Org mode structural parser/emitter with an emphasis on modularity and avoiding edits unrelated to changes.

Related tags

Parsing starsector
Overview

Introduction

Org mode structural parser/emitter with an emphasis on modularity and avoiding edits unrelated to changes.

The goal of this library is to parse very efficiently, and edit acceptably efficiently, to support workflows that parse a large file, make a few changes, then save, without spurious deltas in the file.

Features

  • Fast minimal structural parser that splits file into a tree of headlines.

  • Every UTF-8 string is a valid input, and emit(parse(text)) == text for all UTF-8 strings.

  • Unmodified headlines will be emitted exactly as they were input, even if other headlines were changed. (Note that there are edge cases related to which section a newline is part of).

  • With headline-parser flag adds a parser/generator for headlines (tags, keyword, priority, etc) that functions on top the structural tree.

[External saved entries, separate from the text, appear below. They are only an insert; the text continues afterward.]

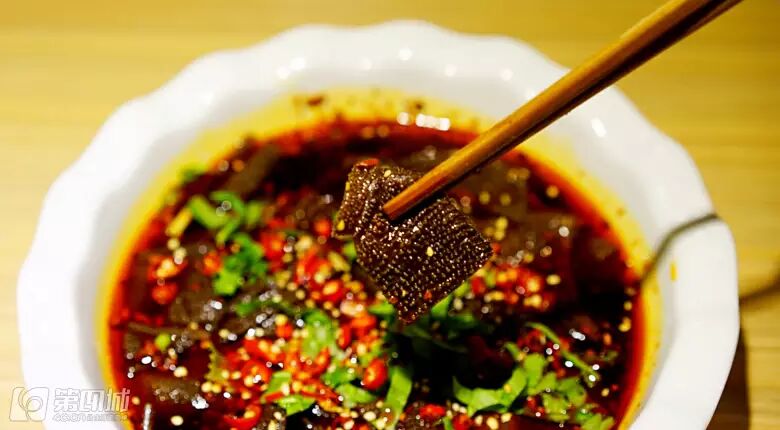 红油毛肚,经典川菜。煮熟到刚刚断生放凉的牛百叶相当爽脆,淋上四川独有的红油辣椒,花椒油,再撒上葱花,香菜,小米辣,酸辣开胃,回味无穷。
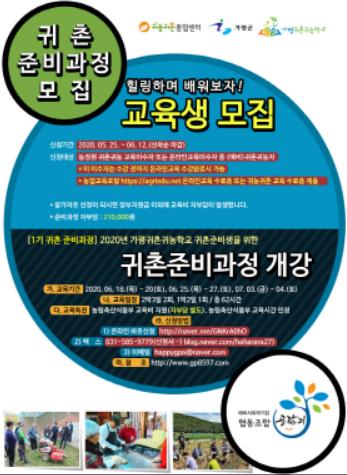 가평군 내 예비사회적기업인 협동조합 공감21 부설 가평귀촌귀농학교(교장 박천행)는 6월 18일부터 8일간 진행되는 귀촌 준비과정(현장중심 귀촌준비과정) 교육 참여자를 모집한다.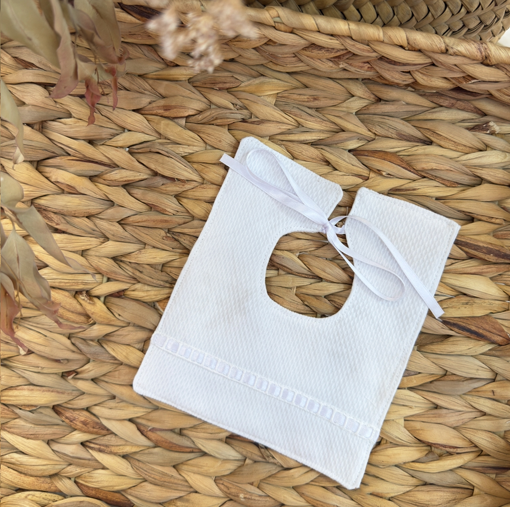 Babero practico y comodo para vuestros bebes, en pique blanco con tela de rizo impermeable por la parte de atrás.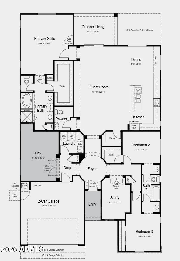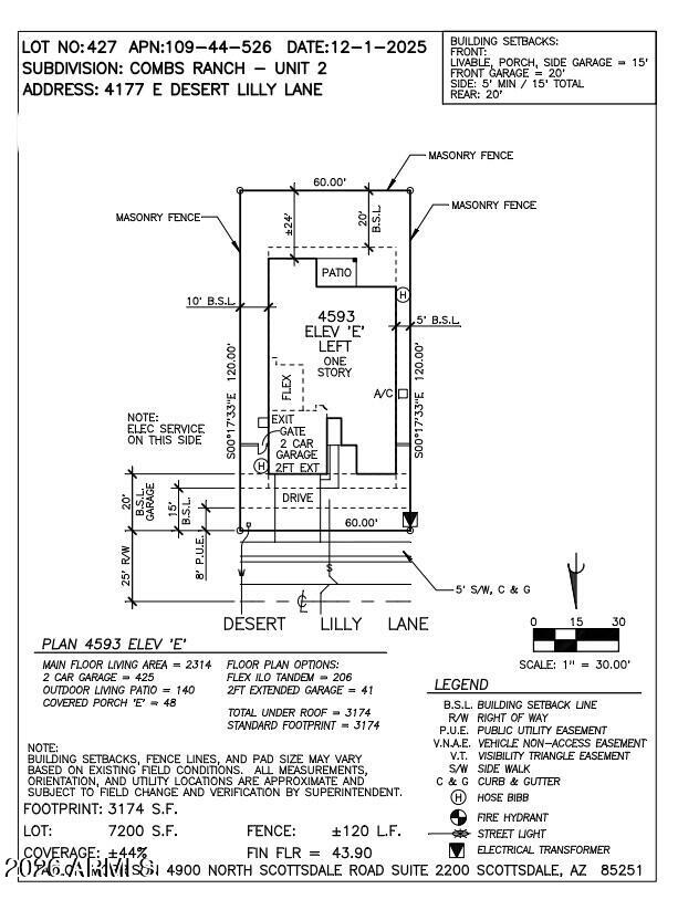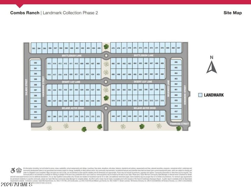 Listing details for 4177 Desert Lilly Ln, San Tan Valley, AZ 85140 : What's Special: Best Seller | Dedicated Study | Flex Room | North Facing Lot. New Construction - June Completion! Built by America's Most Trusted Home Builder. Welcome to the Hillary at 4177 E Desert Lilly Lane in Combs Ranch Landmark! This beautifully designed home features a private study, and a flex room, all within 2,520 square feet of thoughtfully planned, open-concept living. Just off the foyer, both the study and flex room showcase double glass doors, creating bright, flexible spaces ideal for working from home or entertaining. Two secondary bedrooms and a full bath are also located nearby, while a functional drop zone and laundry room are positioned on the opposite side of the home. At the heart of the layout, a light-filled great room flows seamlessly into a spacious kitchen with a large island and an inviting dining area, perfect for everyday living and gatherings. Privately tucked away, the primary suite offers a serene retreat with dual vanities, a separate tub and shower, and a generous walk-in closet. Enjoy the perfect blend of natural beauty and modern convenience in this picturesque community in San Tan Valley, AZ. Then step outside to enjoy your community's plentiful amenities, including a butterfly garden, pool, playground, trails and more! Additional highlights include: 2' garage extension, 10' ceilings, 8' interior doors, garage service door, tile flooring throughout, utility sink in the garage, pots and pans drawer, comfort-height toilets, and 2" faux wood blinds. MLS#7019826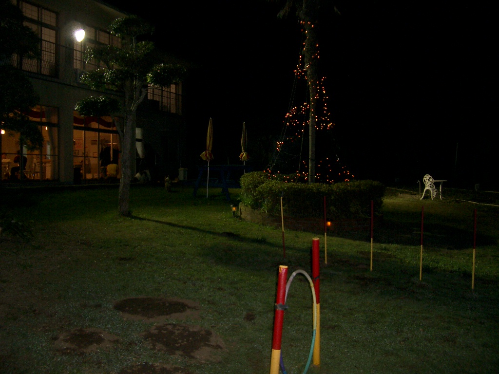 お食事後はもう暗くなったお庭(ドッグラン)でひとっ走り。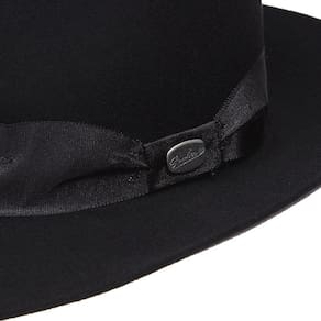 Chapéu Pralana modelo Alpaca 10X fabricado em feltro 100% Lã na Preto, possui copa de social forrada de 10cm e aba de 7cm, bandinha em fita de nylon com boton de metal e carneira em recouro.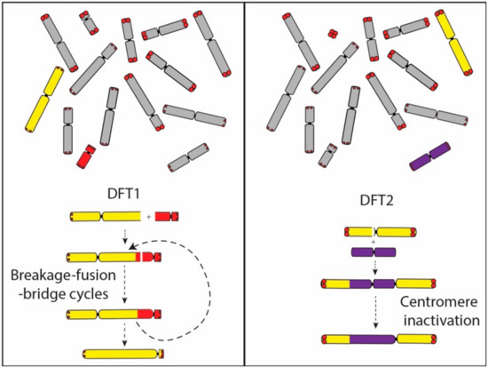 There are marked differences in chromosome rearrangements between DFT1 and DFT2, with DFT2 having undergone relatively simple rearrangements compared to DFT1 [7]. Both have a 2n = 13 karyotype, compared to the 2n = 14 karyotype for Tasmanian devils, yet are otherwise dissimilar. The major rearrangement proposed to have led to the highly rearranged DFT1 karyotype was the end-to-end fusion of one homologue of chromosome 1 to the maternal copy of the X chromosome. This fusion was most likely followed by a series of break–fusion–bridge cycles, which led to the distinctive DFT1 karyotype, where a homologue of chromosomes 1, 4, 5, and both copies of the X chromosome are unrecognisable due to extensive rearrangement [9,10,11]. In comparison, in DFT2 the most notable rearrangement is the translocation of a chromosome 6 homologue into a chromosome 1 homologue [7]. Minor karyotype differences within DFT1 have arisen over time, leading to at least four distinct karyotypic lineages [12]. No such lineages have yet been described for DFT2. Overall, the DFT2 karyotype is more visibly similar to the Tasmanian devil karyotype compared to DFT1.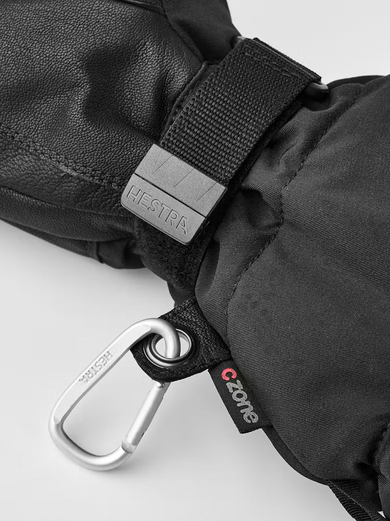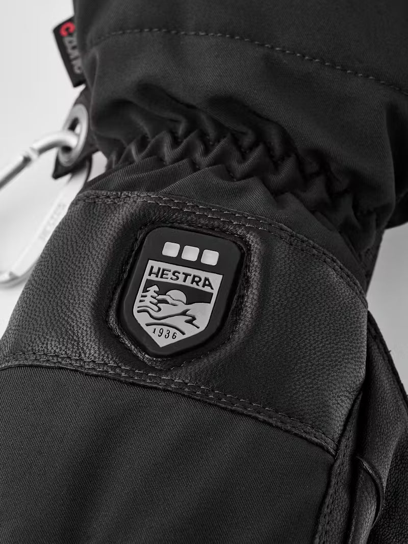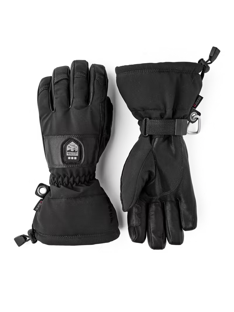 On colder winter days, heated panels on the fingertips help keep your fingers warm.* The heat is adjusted in three steps with an easily accessible control in the Hestra logo on the backhand. Replaceable and rechargeable batteries and a charger are included, as well as Hestra handcuffs (wrist straps) to make sure you don’t drop the glove. Velcro adjustment at inside wrist, and a battery pocket in the cuff.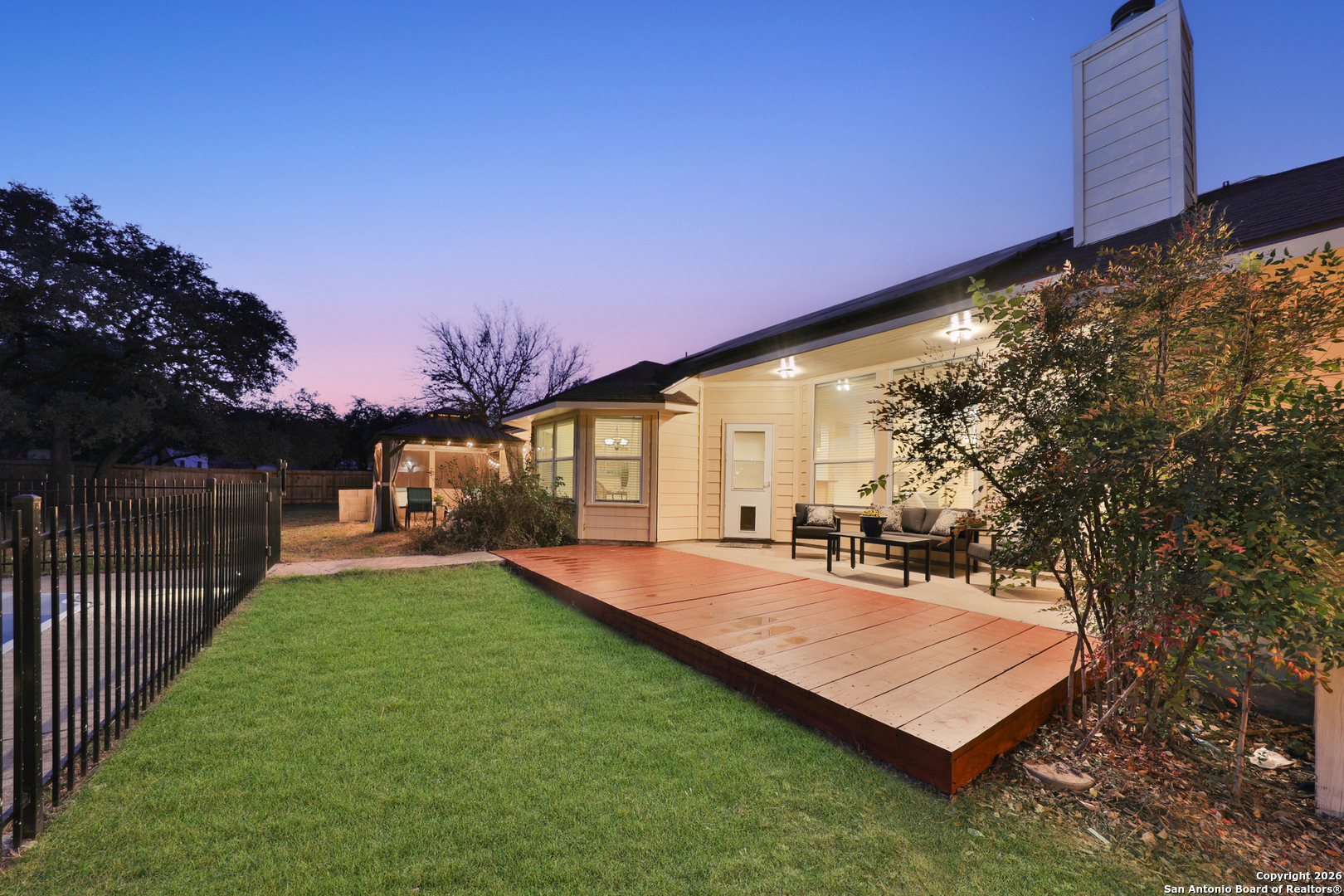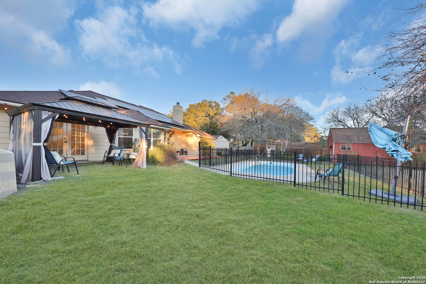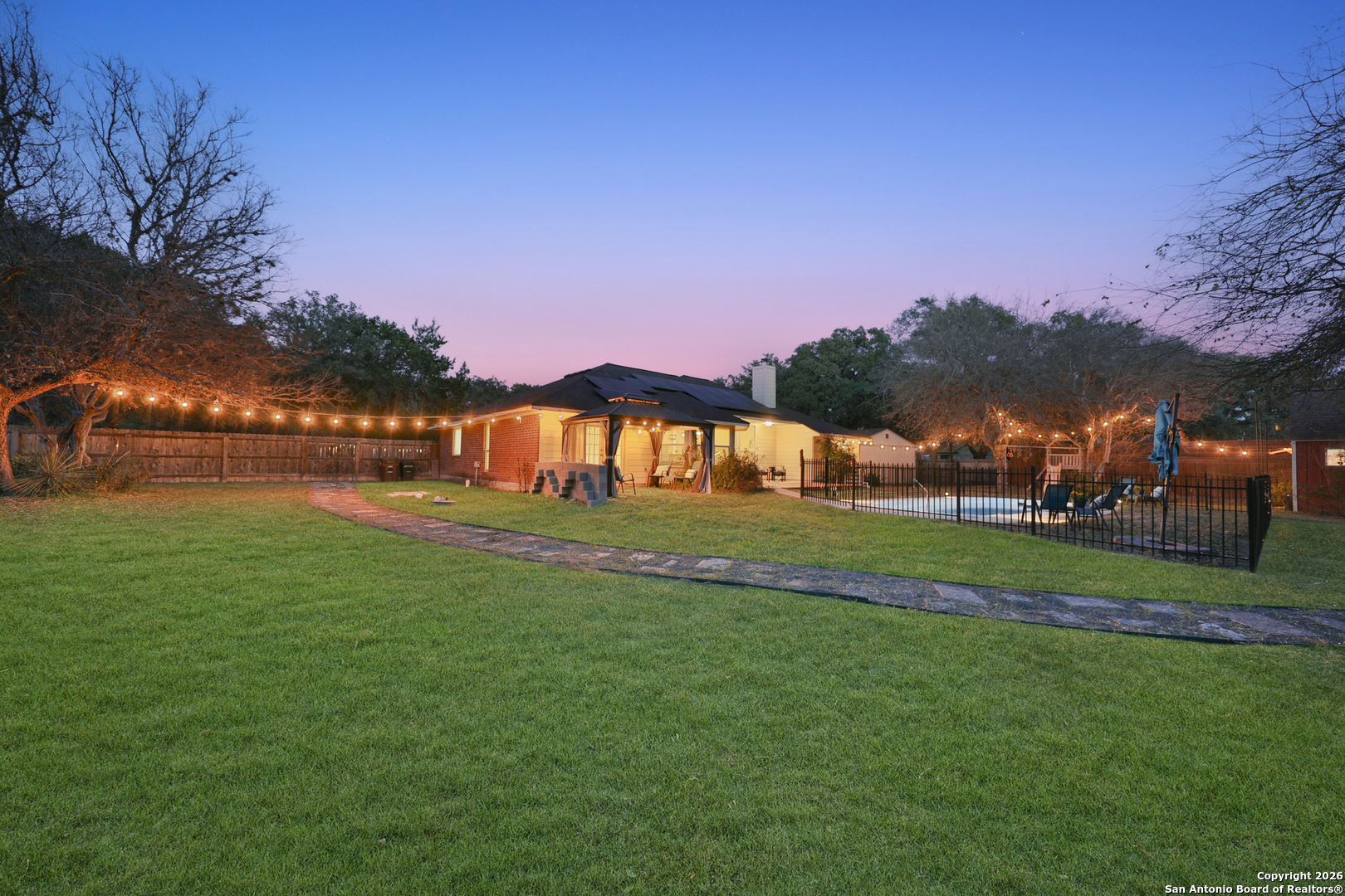 OPEN HOUSE: SAT. & SUN., JAN 10TH & 11 1-5PM Nestled on a scenic 1.02-acre corner lot, this beautiful 4-bedroom, 3.5-bathroom home offers 2,324 square feet of inviting living space surrounded by mature trees, vibrant landscaping, and serene outdoor features. Located in the highly sought-after Geronimo Forest Subdivision, this property perfectly blends comfort, functionality, and natural beauty. Step inside to discover a bright and open floor plan with soaring ceilings and expansive windows that fill the home with natural light. The spacious living room centers around a cozy fireplace-perfect for family gatherings or quiet evenings. The kitchen is well-equipped with stainless steel appliances, abundant cabinetry, and a convenient breakfast bar overlooking the backyard-a great spot to enjoy morning coffee or casual meals. All bedrooms are generously sized, offering personal space and privacy for everyone. The primary suite is a true retreat, complete with a luxurious ensuite bathroom featuring dual vanities, a whirlpool tub, a separate walk-in shower and private access to the outdoor space with a charming gazebo. The home includes a desirable mother-in-law suite with its own sitting area, bedroom, and connecting ensuite bath-ideal for multi-generational living or extended guests. Step outside on the expansive deck and into your own backyard oasis. Enjoy a sparkling pool for summer relaxation, ample green space on the lush 1-acre lot, with plenty of room to roam, surrounded by shaded mature trees. Garden enthusiasts will appreciate the fully equipped greenhouse, and hobbyists will love the detached workshop. This outdoor space is thoughtfully designed for both entertaining and everyday enjoyment. Additional highlights include an energy-efficient solar panel system to help reduce utility costs while supporting sustainable living. Tucked away in a peaceful, friendly neighborhood with easy access to schools, shopping, dining, Government Canyon, and Medina Lake, this exceptional property offers space, privacy, and an outstanding lifestyle.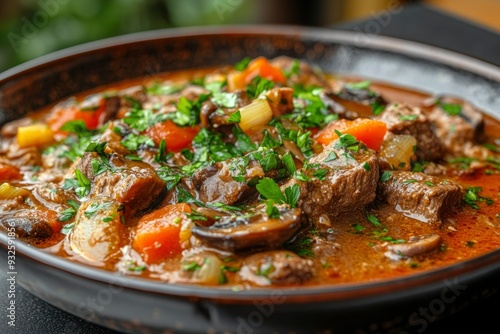 beef, stew, mushroom, carrot, parsley, brown, sauce, gravy, dish, bowl, food, dinner, meal, cookery, savoury, meat, vegetable, onion, delicious, healthy, hearty, comfort, warm, cooked, fresh, tasty, deliciously, appetising, aromatic, classic, rustic, traditional, comforting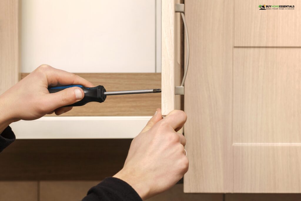 • Some kitchen cabinets are surprisingly heavy. When dealing with larger or bulkier cabinets, ensure they’re adequately supported. You might need a sturdy ladder.
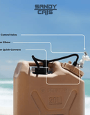 • Can be mounted on tire carrier or any jerry can mounts saving valuable interior space.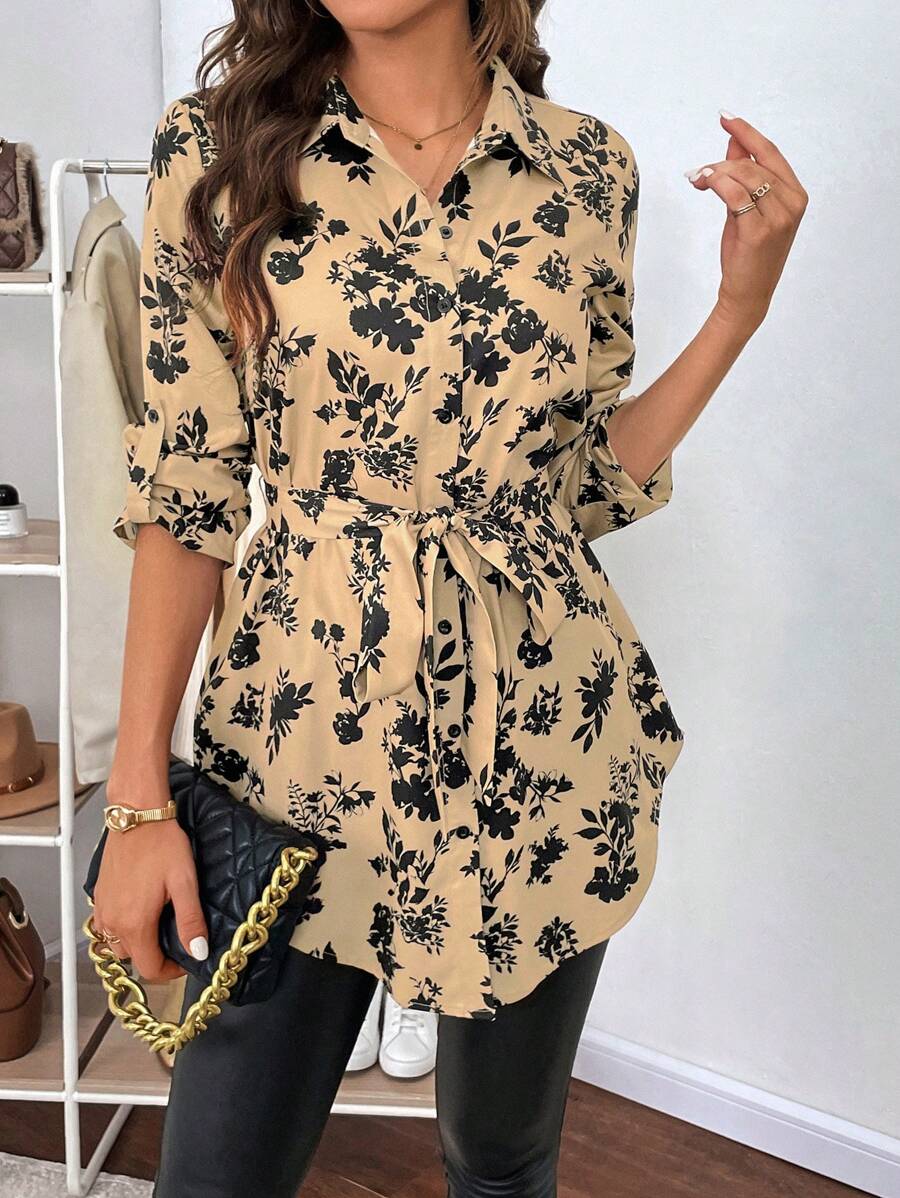 SHEIN Clasi Floral Print Belted Shirt

  • With orgize-integration flag, uses orgize to parse/generate properties drawer and planning (deadline, scheduled, etc).

  • Headlines are represented in memory as text, making both parsing and emitting very fast, and permitting a two-way mapping between text offset and each headline that remains valid even as the in-memory document is modified.

  • Arena allocator provides fast performance and precise control over memory.

  • Copy-on-write text storage using Ropey.

  • Reparse based edit model ensures that the few tree invariants we have are never broken, that the in-memory format cannot represent invalid state, and that edits which could change the tree structure unintentionally are not allowed. For example, changing the text of a node such that it parses into multiple nodes is rejected, but any other change is allowed. Should such a change be desirable, functions are provided that manipulate the tree structure directly.

    This helps limit the blast radius of bugs to the headline(s) affected, even if the bug itself results in adding new text that could be parsed as a headline.

Limitations

  • Parses only a small subset of Org mode.

    I have no plans to extend this, except possibly adding native parsing of properties, planning, and timestamps rather than relying on Orgize. I recommend using orgize to parse section contents.

  • Since sections are stored as text, every change to a headline requires reparsing the entire headline. A builder is provided to batch such changes if desired.

  • The fuzz test produces many uninteresting cases where Orgize and Starsector parse the same differently. There is some logic to filter out knows differences, but the fuzz test remains fairly noisy, and requires going through it manually to determine whether a difference is actually new. It's still very useful, but it's not expected that it will produce no violations.

Getting Started

See examples/edit.rs for a comprehensive example on parsing and editing.

Arena

Text is stored using a rope, which allows sharing with other Arenas as well as other code. This also allows multiple versions of a document to be stored efficiently. Section::clone_subtree is helpful here.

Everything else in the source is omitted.